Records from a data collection
[Start of Attachment]

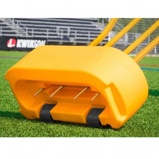 Kwik Goal all-surface friendly TOM Bases wheel for portability and add great versatility to your Kwik Goal TOM Training Opponent Mannequins. This plastic TOM base can be filled with sand or water with a maximum fill weight of 50 lbs. Each base holds one TOM mannequin or up to eight 1″ diameter coaching sticks at varying heights and angles. The TOM Base also includes carry grips to make moving it around fast and easy!
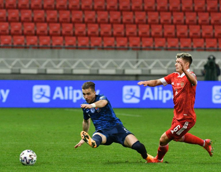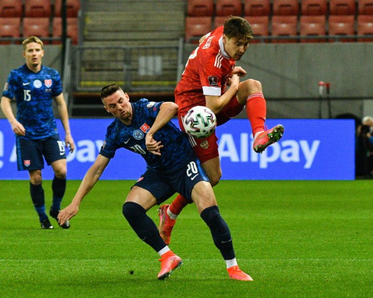Zľava: Jakub Hromada zo Slovenska a Daler Kuzjajev z Ruska počas futbalového zápasu európskej časti H-skupiny kvalifikácie o postup na MS 2022 medzi Slovensko - Rusko. Trnava, 30. marec 2021. Foto: SITA/Martin Medňanský
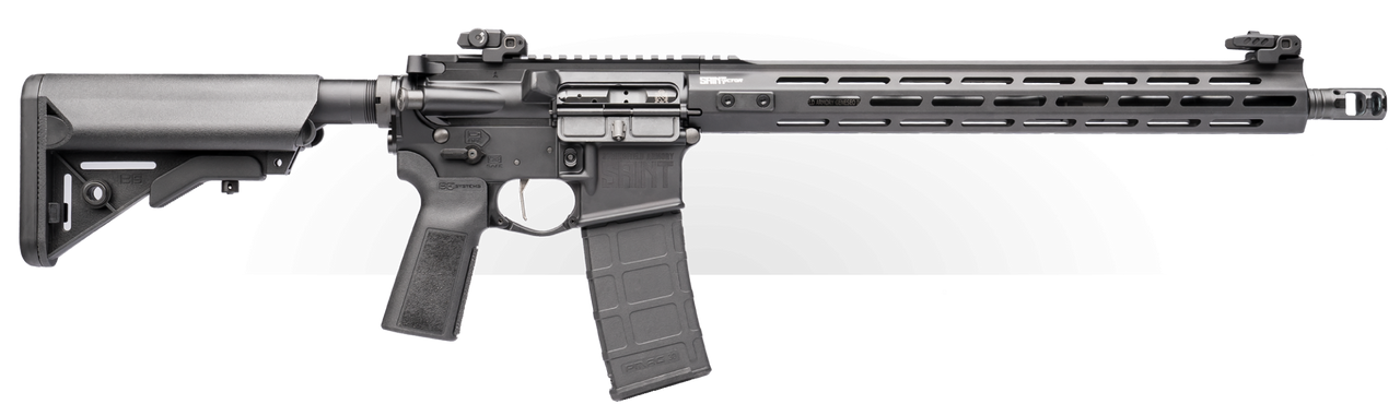 The SAINT Victor 5.56 takes the already superb SAINT rifle and amps up the features. The full-length 15″ aluminum handguard has ample M-Lok real estate for accessories and reaches out far enough to accommodate modern shooting styles. The mid-length gas system ensures reliable operation, smooth function and long life, while the flat trigger face lends itself to serious precision. Nickel boron fire controls help you put rounds on target every time, and B5 Systems furniture rounds out the package.
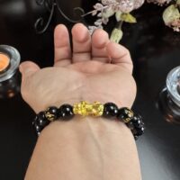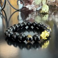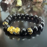 Pulseira feita com contas de vidro preto brilhante, com detalhes gravados e pintados em dourado com criatura mitológica (Pixiu) chinesa conhecida como guardião da riqueza, protetor espiritual e símbolo de boa fortuna.
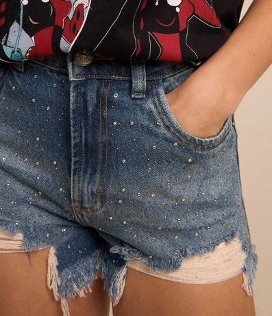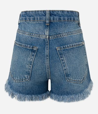 Ref: Short de cintura alta confeccionado em jeans com passantes na cintura, fechamento tradicional por botão e zíper além de bolsos frontais e traseiros, rasgos e puídos mais barra desfeita com franjinhas desfiadas.
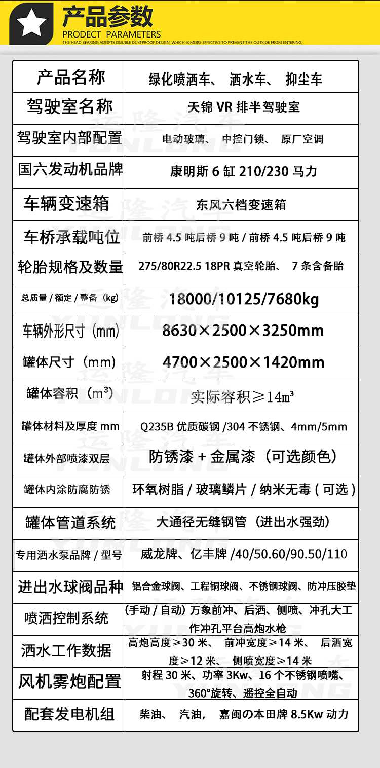 國六東風天錦12噸灑水車
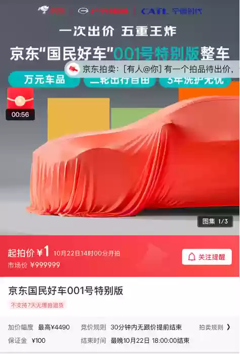目前一款名为京东"国民好车"001号特别版的整车已登陆京东拍卖频道,将于10月22日14时00分开启竞拍,起拍价1元(当前标注市场价为999999元)。
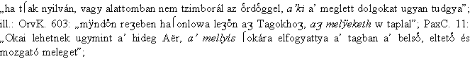 datait idézzük): Kár. 9v: „Hanem mennyetek inkáb az Izraelnec hazánac el téueledet iuhaihoz” ~ Káldi 894: „Hanem inkább mennyetek a’ iuhokhoz, mellyek elvea) A kötőszó. — A vonatkozó kötőszó — a hasonlító és a következményes jelentésárnyalatúak egy részének kivételével — az összes ide tartozó mellékmondatban szerepel. Általában a mellékmondat élén áll; kivételesen azonban más helyre is kerülhet: OrvK. 485:
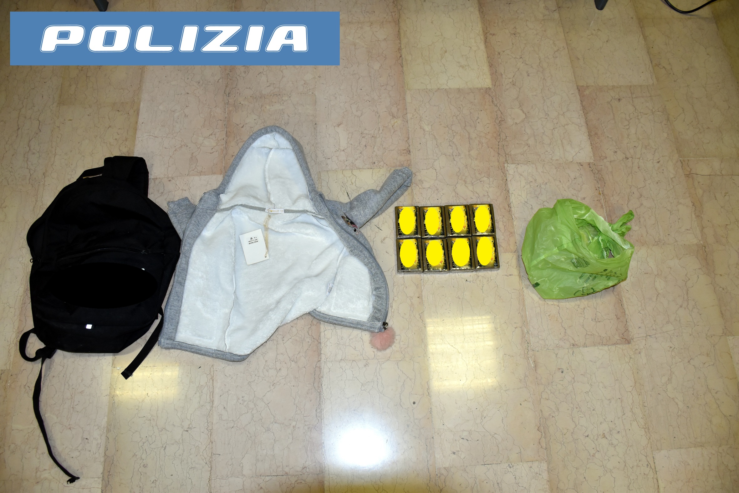 Nello specifico, la Squadra Volante del Commissariato di Pubblica Sicurezza di Avezzano, durante il normale servizio, transitando in una zona semi periferica a sud della città, procedeva al controllo di un giovane che alla vista della pattuglia cercava di eluderlo. Gli agenti, insospettiti da tale atteggiamento, lo raggiungevano e lo identificavano, accertando che era minore e, nella circostanza sentivano un forte odore di stupefacente del tipo “hashish” provenire dallo zaino che il giovane aveva con sé. Invitato a mostrare il contenuto dello stesso, il ragazzo afferrava una felpa mostrandola celermente agli operatori, dichiarando che all’interno dello zaino non vi era altro, però, l’odore avvertito poco prima si accentuava insospettendo ancor più i poliziotti. Toccando la felpa in questione gli agenti si accorgevano che all’interno di essa vi era custodito qualcosa di solido. A quel punto, chiesto di far vedere cosa fosse, il giovane mostrava nr. 8 panetti di sostanza stupefacente, risultante al successivo controllo al narcotest essere del tipo “Hashish”, per un peso complessivo di circa 800 gr. Da ciò ne scaturiva prima una perquisizione personale del minore a seguito della quale veniva rinvenuta la somma di € 390,00 di probabile provenienza dell’attività di spaccio e, poi quella domiciliare che portava al rinvenimento e sequestro di altro denaro, pari ad € 370,00 e di un bilancino elettronico di precisione, rinvenuti entrambi all’interno di un comodino nella camera in uso al giovane. Il giovane veniva accompagnato presso i locali del Commissariato, dove successivamente giungevano i propri familiari unitamente al legale di fiducia. Del tutto veniva data comunicazione al P.M. di turno presso il Tribunale dei Minorenni di L’Aquila, che disponeva l’accompagnamento del giovane arrestato presso il “Centro Prima Accoglienza” del capoluogo, in attesa dell’udienza di convalida.
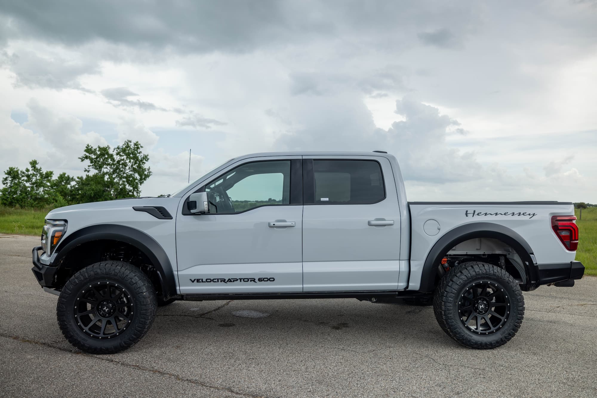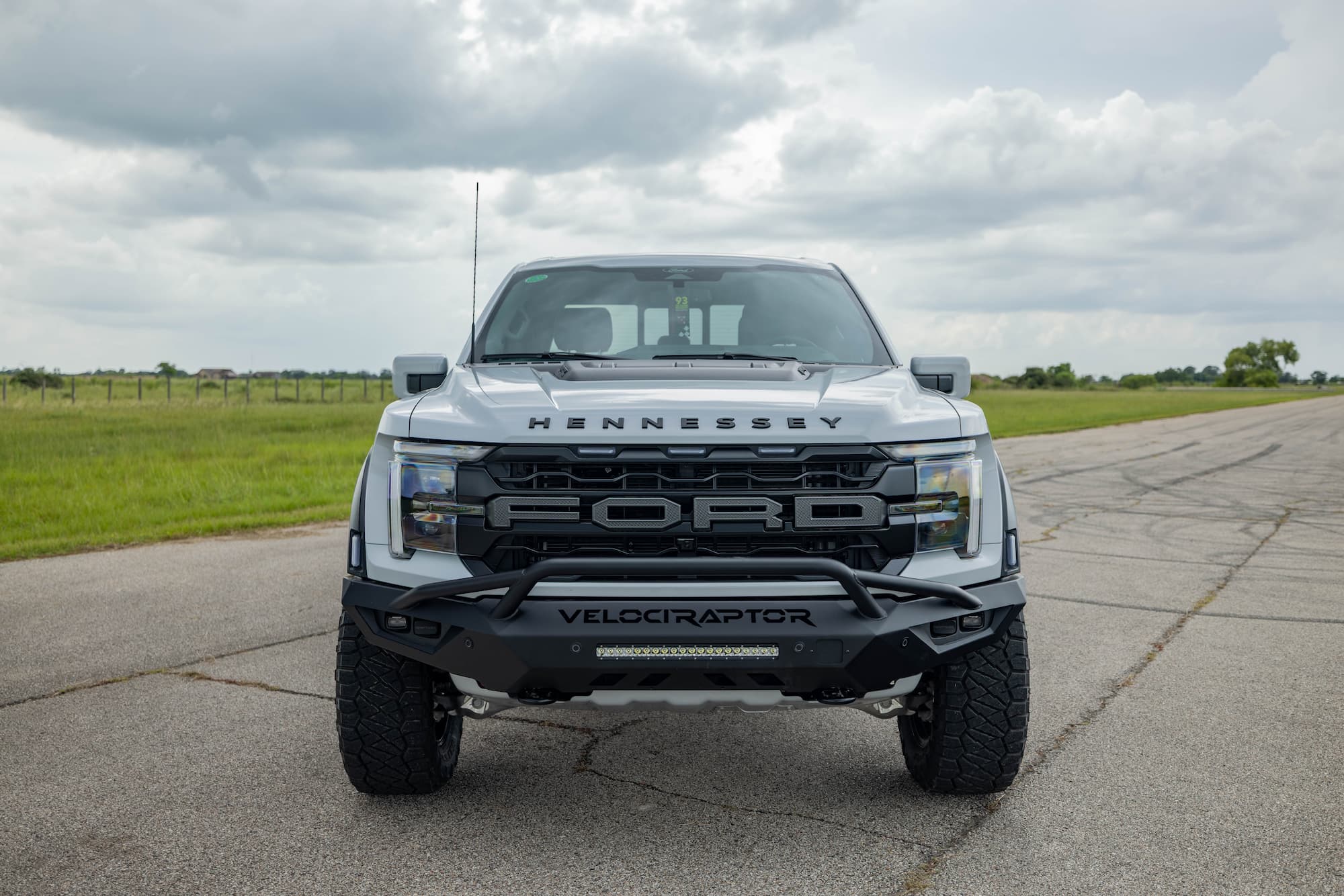 This 2025 Ford Raptor for sale of color Summit White and VIN 1FTFW1RG9SFB22516 is an upgraded version of the stock Ford Raptor that produces 558 horsepower and 672 lb-ft of torque, making it one of the most powerful trucks on the market. The stock Ford Raptor comes with a 3.5L EcoBoost V6 engine that produces 450 horsepower and 510 lb-ft of torque. The Hennessey VelociRaptor 600 upgrade adds a intercooler piping upgrade, VelociRaptor front and rear bumper, 35″ tires, and other performance-enhancing components. The result is a significant increase in power and torque, which translates into improved acceleration, handling, and braking. The Hennessey VelociRaptor 600 Ford Raptor is a great choice for anyone who wants a powerful and luxurious truck. It offers the best of both worlds: performance and refinement.
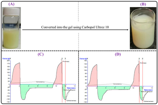 Image showing physical appearance of: (A) TAC-THQ-NLCs; and (B) TAC-THQ-NG. Representative texture analysis graph of (C) TAC-THQ-NG; and (D) TAC-THQ-SG showing firmness, consistency, cohesiveness, and work of cohesion.
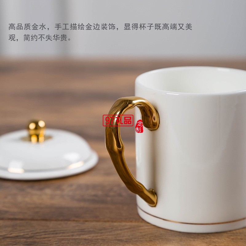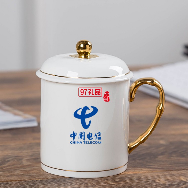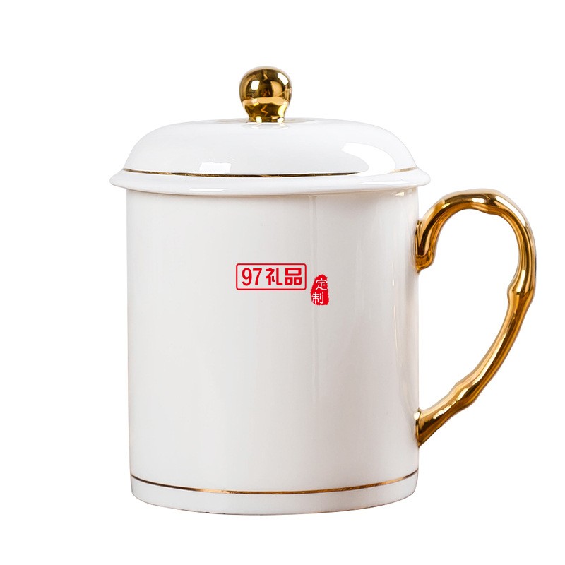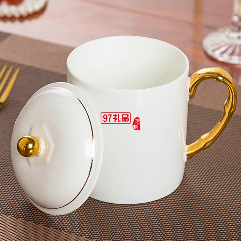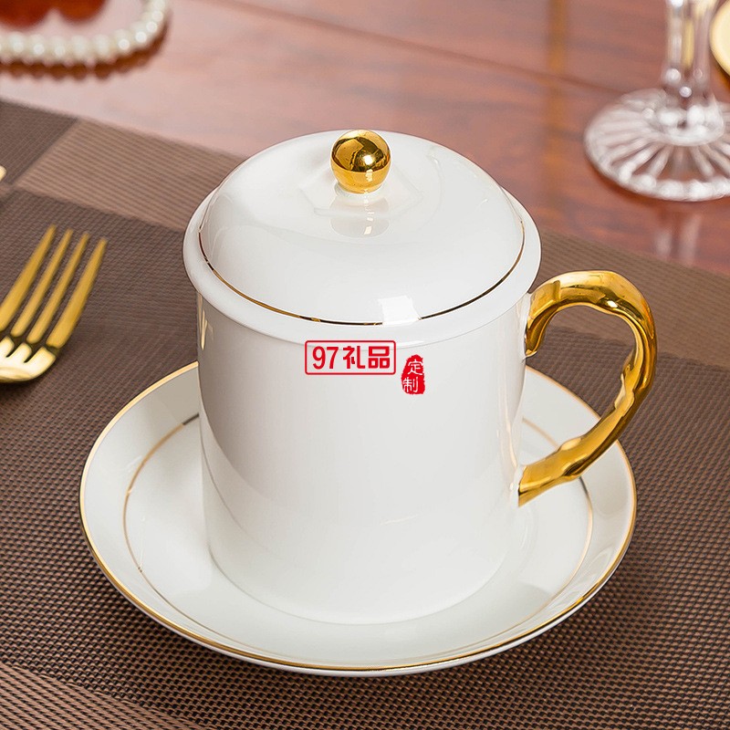 中秋國慶節(jié)禮品辦公會(huì)議杯帶蓋景德鎮(zhèn)陶瓷茶杯450ML明珠杯碟定制
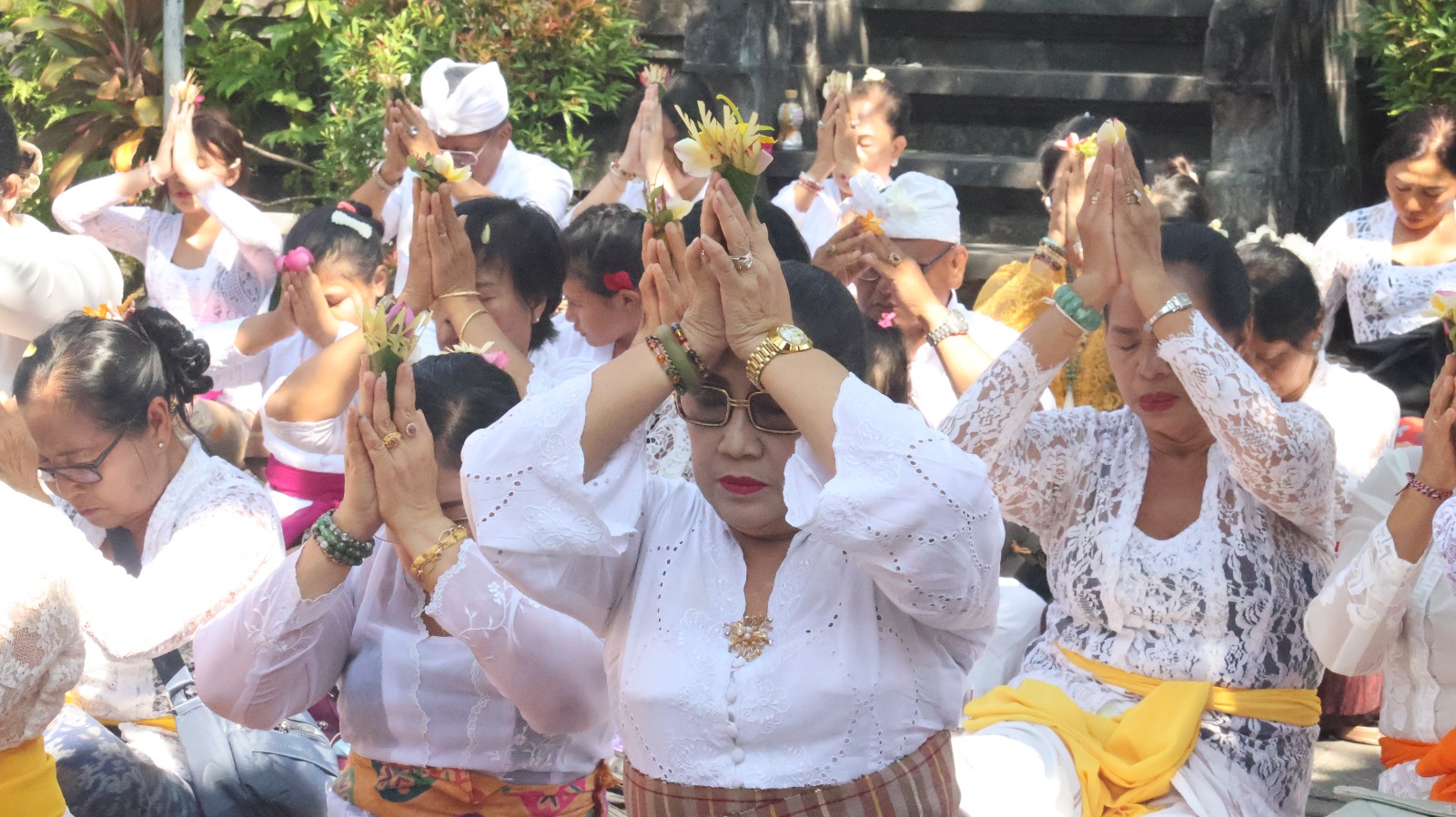 MUANG PAMIUT – Ketua BKOW Provinsi Bali Ny. Tjok Putri Hariyani Sukawati menggelar rangkaian acara Muang Pamiut di sejumlah Pura Kahyangan Jagat se-Bali.

[End of Attachment]

→ **PROMPT**: Only the lines above from the one with "The SAINT Victor" to the one with "Ref: Short de" should be printed, both included and exactly as written; no picture belongs in the copy.

→ **OUTPUT FOR THIS TASK**:
 The SAINT Victor 5.56 takes the already superb SAINT rifle and amps up the features. The full-length 15″ aluminum handguard has ample M-Lok real estate for accessories and reaches out far enough to accommodate modern shooting styles. The mid-length gas system ensures reliable operation, smooth function and long life, while the flat trigger face lends itself to serious precision. Nickel boron fire controls help you put rounds on target every time, and B5 Systems furniture rounds out the package.
 Pulseira feita com contas de vidro preto brilhante, com detalhes gravados e pintados em dourado com criatura mitológica (Pixiu) chinesa conhecida como guardião da riqueza, protetor espiritual e símbolo de boa fortuna.
 Ref: Short de cintura alta confeccionado em jeans com passantes na cintura, fechamento tradicional por botão e zíper além de bolsos frontais e traseiros, rasgos e puídos mais barra desfeita com franjinhas desfiadas.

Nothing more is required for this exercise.